The Manhattan Project’s Warped Legacy for Nuclear Power
Before World War II, nuclear research was poised to revolutionize medicine and energy. Early pioneers like Ernest Rutherford, who discovered the atomic nucleus in 1911, laid the foundation for understanding atomic structure. Enrico Fermi, achieving the first controlled nuclear reaction in 1934, saw fission as a source of abundant electricity to power cities and industries. Marie Curie’s work on radioactivity in the early 1900s pioneered radiation therapy for cancer, demonstrating nuclear science’s medical promise. Leo Szilard, who patented a nuclear reactor concept in 1934, envisioned clean energy transforming economies. These scientists, often funded by universities or private institutions, operated in a decentralized environment where curiosity and societal needs drove innovation.
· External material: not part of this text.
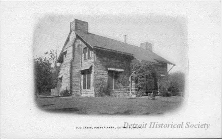 Request ImageBlack and white postcard depicting the Log Cabin in Palmer Park, with a chair in front and a white margin around the image.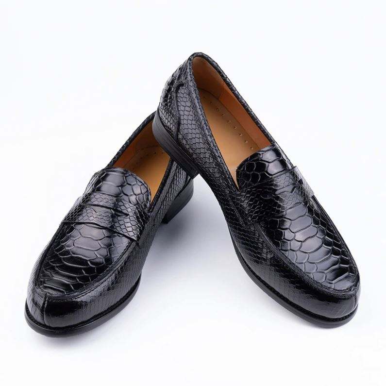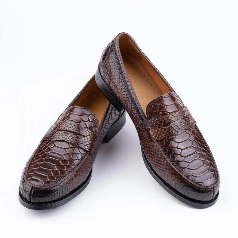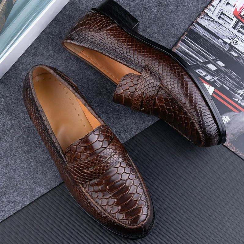 ชุดเดรสหนังพิมพ์ลายงูของผู้ชายรองเท้าหนังวัวแท้แบบผูกเชือกสวมใส่สบายเหมาะสำหรับใส่ในสำนักงานทุกวัน

The Manhattan Project, launched in 1942 at a cost of $11 billion annually (in 2018 dollars), derailed this trajectory. Driven by wartime urgency to build an atomic bomb, it redirected nuclear research toward destruction. The project’s success—culminating in the bombings of Hiroshima and Nagasaki—cemented nuclear power’s public image as a weapon, not a tool for progress. Post-war, fear of nuclear annihilation fueled regulatory barriers and public distrust, making commercial nuclear power plants costly and slow to build. By 2025, nuclear energy accounts for just 10% of global electricity, despite its potential to address climate change more effectively than subsidized renewables. The Manhattan Project’s centralized, militarized approach stifled the market’s ability to develop nuclear power commercially, delaying innovations in energy and medicine that could have emerged decades earlier in a freer, profit-driven ecosystem.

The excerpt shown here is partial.